* WORK TO BE COMPLETED: Copy nothing but the lines from the one containing "BUREAU DE PENTE" through the last line of the records, repeated exactly and without pictures.

Entries taken from a collection
══════

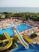 Номер, без доплат, дали с видом на море (горки и всю территорию отеля). Все вопросы по номеру решаются, у нас розетка (одна из двух) немного ходуном ходила, обратились на ресепшн, за пол часа все сделали (пока мы прогуливались, даже не заметили, когда это произошло). Имейте ввиду, заселение после 14.00 (нас заселили в 14.05), нам пришлось 1,5 часа погулять, за это время мы как раз пообедали и прогулялись до пляжа. Питание тоже порадовало, мой муж мясоед и всегда находил для себя что поесть. Много овощей. Из фруктов всегда были - виноград (2 вида), апельсины, грейпфрут, дыни, арбузы, сливы и яблоки. Иногда бананы и персики. Раз в день на улице с 16.30-17.30 бесплатное мороженое. Обычно небольшая очередь (но мы приходили минут через 15 после начала раздачи), и один раз было, за 15 минут до окончания, мороженое закончилось (мы проспали), так ребенку принесли минут через пять рожок (мы недалеко сели за столик), были приятно удивлены, т.к. уже не рассчитывали.
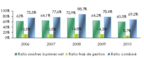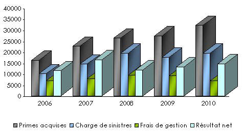 Au cours de la période 2006-2010, Al Dhafra affiche d’excellents indicateurs techniques. Le rapport sinistres à primes de 62% en 2006, n’est que de 60,5% en 2010.
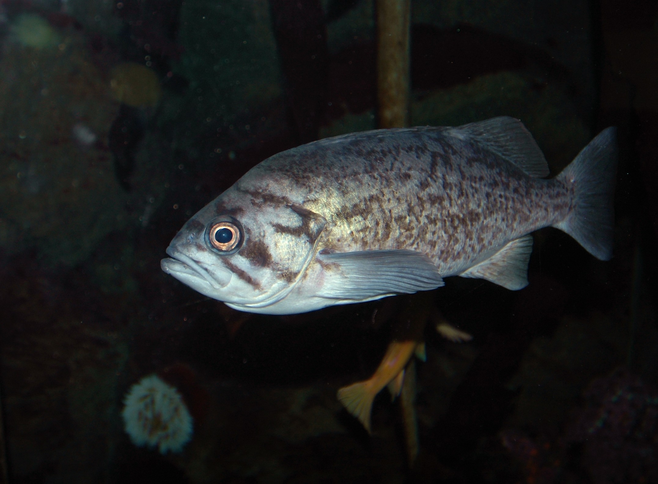 Predators include other rockfish species (gopher, kelp, and olive), kelp greenlings, lingcod, pigeon guillemots, and California sea lions.
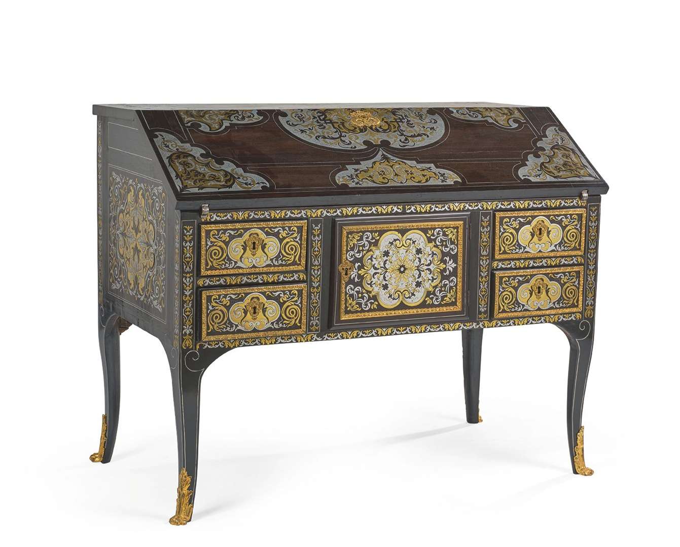 BUREAU DE PENTE en bois noirci à décor en marqueterie dite "Boulle" en étain et laiton de volutes et rinceaux feuillagés sur placage de bois noirci. La ceinture à deux tiroirs et un casier central. L'abattant découvrant une surface de travail à décor marqueté de bois comprenant quatre tiroirs, trois casiers et un secret. Les pieds galbés terminés par des sabots de bronze doré en pattes de lion. Platine de la serrure signée
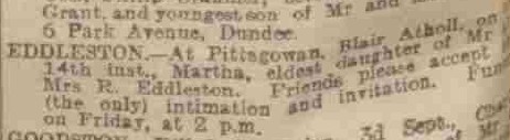 Martha’s obituary was published in the Dundee Courier on Thursday, October 17th. Her funeral took place on the following Friday.

══════

* WRITTEN SOLUTION:
 BUREAU DE PENTE en bois noirci à décor en marqueterie dite "Boulle" en étain et laiton de volutes et rinceaux feuillagés sur placage de bois noirci. La ceinture à deux tiroirs et un casier central. L'abattant découvrant une surface de travail à décor marqueté de bois comprenant quatre tiroirs, trois casiers et un secret. Les pieds galbés terminés par des sabots de bronze doré en pattes de lion. Platine de la serrure signée
 Martha’s obituary was published in the Dundee Courier on Thursday, October 17th. Her funeral took place on the following Friday.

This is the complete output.